PUBLISHED: 09:00 18 January 2013

MEP Geoffrey Van Orden and Paul Davey, head of corporate affairs at the Port of Felixstowe, at the construction site for the new rail terminal at the complex.

MEP Geoffrey Van Orden and Paul Davey, head of corporate affairs at the Port of Felixstowe, at the construction site for the new rail terminal at the complex.

Archant

An MEP has pledged to fight any new Euro regulations that would hit trade at Britain’s top container port.

Geoffrey Van Orden visited the Port of Felixstowe to see construction of the new £40 million rail terminal and discuss legislative proposals in relation to the EU’s forthcoming Ports Policy Review.

“As far as EU regulation is concerned, it is important that nothing is done to make Felixstowe less attractive as a hub port in competition with continental European ports,” he said.

“At the moment there is over capacity in European ports. But the problem isn’t lack of investment but attracting more traffic – and that is dependent on the health of the wider economy and also the state of the infrastructure that serves the port and its customers.

“We are now seeing progress on this.”

Good progress is being made on the new rail terminal, which will take up to 750,000 lorries a year off the A14 by 2030 when the terminal is working to capacity.

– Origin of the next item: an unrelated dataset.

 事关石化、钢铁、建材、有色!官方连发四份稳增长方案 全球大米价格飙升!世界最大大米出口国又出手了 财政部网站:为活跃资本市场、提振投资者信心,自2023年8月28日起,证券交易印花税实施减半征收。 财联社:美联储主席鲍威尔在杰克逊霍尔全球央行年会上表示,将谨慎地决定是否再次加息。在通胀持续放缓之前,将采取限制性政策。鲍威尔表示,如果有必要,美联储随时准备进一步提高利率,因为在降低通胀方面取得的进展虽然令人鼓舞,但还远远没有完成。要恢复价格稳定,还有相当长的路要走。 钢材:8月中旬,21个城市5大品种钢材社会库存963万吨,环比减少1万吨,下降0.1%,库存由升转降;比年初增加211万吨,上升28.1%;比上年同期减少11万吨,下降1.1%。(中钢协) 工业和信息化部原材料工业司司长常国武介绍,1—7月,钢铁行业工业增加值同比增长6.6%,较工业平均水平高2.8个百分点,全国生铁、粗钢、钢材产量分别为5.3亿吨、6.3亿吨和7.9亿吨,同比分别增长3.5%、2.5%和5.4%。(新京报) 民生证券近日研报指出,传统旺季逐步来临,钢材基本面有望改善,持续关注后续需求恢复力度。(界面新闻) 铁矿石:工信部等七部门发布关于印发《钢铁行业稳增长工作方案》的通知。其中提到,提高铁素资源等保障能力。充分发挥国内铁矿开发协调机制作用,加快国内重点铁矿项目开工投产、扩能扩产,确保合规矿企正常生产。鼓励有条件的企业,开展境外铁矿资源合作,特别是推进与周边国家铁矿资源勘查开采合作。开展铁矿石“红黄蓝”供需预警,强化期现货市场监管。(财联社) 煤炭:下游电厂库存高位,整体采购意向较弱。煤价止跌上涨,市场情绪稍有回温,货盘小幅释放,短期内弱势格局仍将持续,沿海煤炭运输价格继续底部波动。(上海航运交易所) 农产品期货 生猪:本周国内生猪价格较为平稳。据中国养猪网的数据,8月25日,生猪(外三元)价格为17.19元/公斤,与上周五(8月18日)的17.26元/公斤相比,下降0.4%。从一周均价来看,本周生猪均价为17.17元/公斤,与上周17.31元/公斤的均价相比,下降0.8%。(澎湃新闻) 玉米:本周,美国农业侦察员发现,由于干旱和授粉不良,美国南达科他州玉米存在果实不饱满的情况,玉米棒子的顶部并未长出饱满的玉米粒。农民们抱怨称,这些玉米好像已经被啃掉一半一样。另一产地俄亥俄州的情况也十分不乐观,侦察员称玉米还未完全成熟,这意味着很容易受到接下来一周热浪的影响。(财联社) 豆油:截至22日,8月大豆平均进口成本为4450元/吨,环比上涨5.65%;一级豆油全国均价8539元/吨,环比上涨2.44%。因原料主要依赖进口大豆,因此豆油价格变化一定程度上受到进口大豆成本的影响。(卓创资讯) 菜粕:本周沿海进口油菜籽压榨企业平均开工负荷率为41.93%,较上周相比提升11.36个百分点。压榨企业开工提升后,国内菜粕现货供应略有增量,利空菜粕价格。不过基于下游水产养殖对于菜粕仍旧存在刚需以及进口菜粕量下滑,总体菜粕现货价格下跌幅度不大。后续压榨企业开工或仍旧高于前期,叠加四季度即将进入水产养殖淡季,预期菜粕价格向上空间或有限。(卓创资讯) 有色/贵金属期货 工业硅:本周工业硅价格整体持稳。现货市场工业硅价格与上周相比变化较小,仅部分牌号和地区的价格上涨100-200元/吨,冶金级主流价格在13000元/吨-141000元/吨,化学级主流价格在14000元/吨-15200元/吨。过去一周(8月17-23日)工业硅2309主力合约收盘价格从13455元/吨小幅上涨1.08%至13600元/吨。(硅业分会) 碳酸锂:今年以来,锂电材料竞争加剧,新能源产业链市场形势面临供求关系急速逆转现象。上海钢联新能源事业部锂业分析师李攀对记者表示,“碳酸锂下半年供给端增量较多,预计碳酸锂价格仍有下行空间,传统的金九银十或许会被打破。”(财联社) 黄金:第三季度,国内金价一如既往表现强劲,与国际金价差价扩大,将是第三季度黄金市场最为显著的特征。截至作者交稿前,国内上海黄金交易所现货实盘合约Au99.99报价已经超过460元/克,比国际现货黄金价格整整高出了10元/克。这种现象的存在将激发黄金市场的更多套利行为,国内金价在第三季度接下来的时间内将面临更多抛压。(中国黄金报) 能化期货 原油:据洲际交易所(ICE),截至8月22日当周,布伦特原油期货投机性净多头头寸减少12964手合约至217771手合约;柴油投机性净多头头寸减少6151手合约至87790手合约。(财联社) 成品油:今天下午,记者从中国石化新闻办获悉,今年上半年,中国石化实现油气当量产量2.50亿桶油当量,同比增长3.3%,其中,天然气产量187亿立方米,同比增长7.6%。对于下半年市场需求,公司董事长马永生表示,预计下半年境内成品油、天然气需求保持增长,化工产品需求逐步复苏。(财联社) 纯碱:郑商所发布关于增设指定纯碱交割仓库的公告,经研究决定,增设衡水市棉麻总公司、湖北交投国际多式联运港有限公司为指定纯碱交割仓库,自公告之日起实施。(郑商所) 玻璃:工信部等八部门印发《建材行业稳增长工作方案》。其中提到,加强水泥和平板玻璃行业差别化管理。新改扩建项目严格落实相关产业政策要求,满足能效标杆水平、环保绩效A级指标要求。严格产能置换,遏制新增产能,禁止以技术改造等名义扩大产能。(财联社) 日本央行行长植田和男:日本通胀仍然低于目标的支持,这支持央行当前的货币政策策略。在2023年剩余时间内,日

The main works are expected to be completed in the next couple of months with the 750-metre long sidings operational by mid-year.

“Industrial growth in the British economy needs to be supported by an efficient rail and road network and the port of Felixstowe plays a vital role in this,” said Mr Van Orden.

“Our efforts to secure ‘EU funding’, which I always regard as British taxpayers’ money recycled through Brussels, has been an important contribution – £5m out of a total cost of £40 million – to the new north rail terminal at the port.

“We have also supported the upgrade of the Felixstowe to Nuneaton rail freight route that will save an estimated 500,000 lorry movements.

“Nevertheless, road haulage will remain vitally important and the continuing challenge is the A14 and dualling the final stretch of the A120 – that would be of enormous benefit to local people, to commuters and to business.”